--- Task statement ---
Give back the data below word for word. Any image in it should be left out.

--- Given data ---
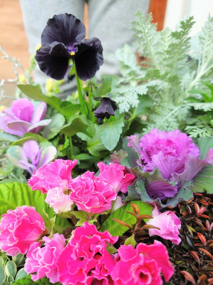 プリムラ、葉牡丹、ビオラとオーソドックスな花苗たちで寄植えです♪
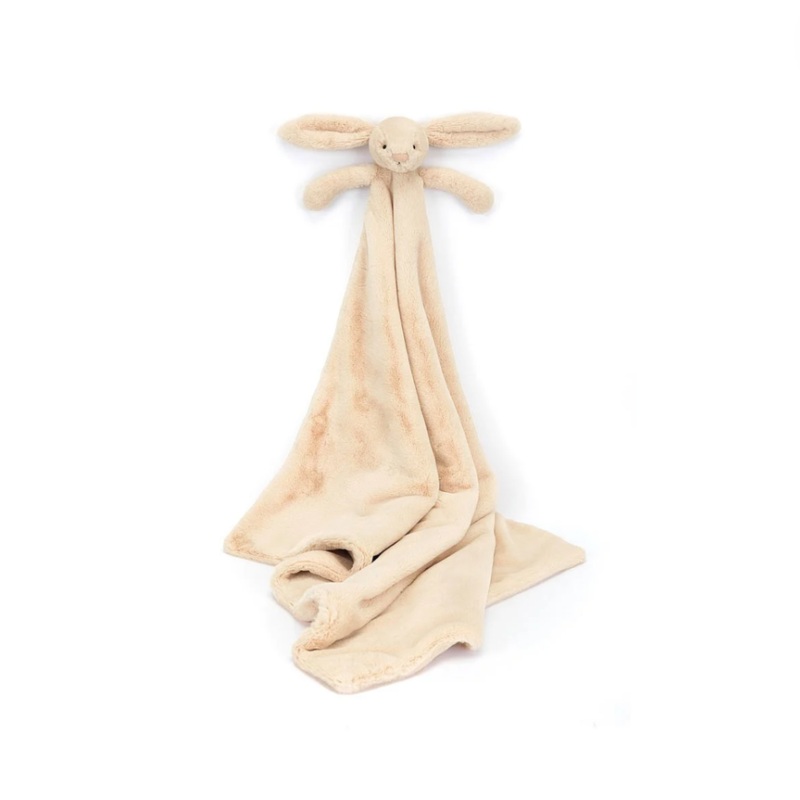 A luxurious newborn gift, the Bashful Luxe Willow Bunny Blankie is exquisitely soft in a latte hued fur. Featuring the head and paws of Willow Bunny in the corner of a silky soft blanket. Rolled and wrapped with a grosgrain ribbon and elegantly presented i
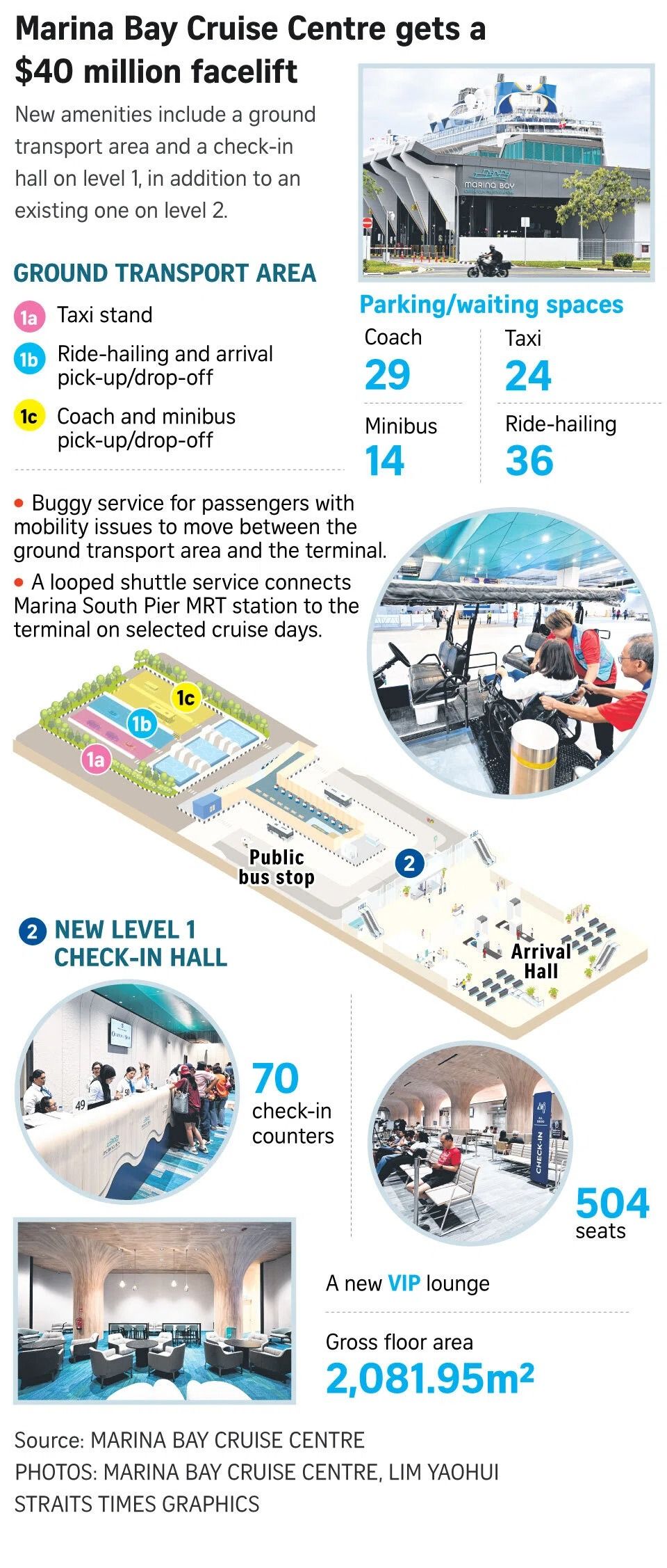 Ride-hailing waiting spaces have also more than doubled to 36, said Sats-Creuers Cruise Services and STB, and there are now 14 minibus parking spaces and 24 taxi waiting spaces.

--- Solved problem ---
 プリムラ、葉牡丹、ビオラとオーソドックスな花苗たちで寄植えです♪
 A luxurious newborn gift, the Bashful Luxe Willow Bunny Blankie is exquisitely soft in a latte hued fur. Featuring the head and paws of Willow Bunny in the corner of a silky soft blanket. Rolled and wrapped with a grosgrain ribbon and elegantly presented i
 Ride-hailing waiting spaces have also more than doubled to 36, said Sats-Creuers Cruise Services and STB, and there are now 14 minibus parking spaces and 24 taxi waiting spaces.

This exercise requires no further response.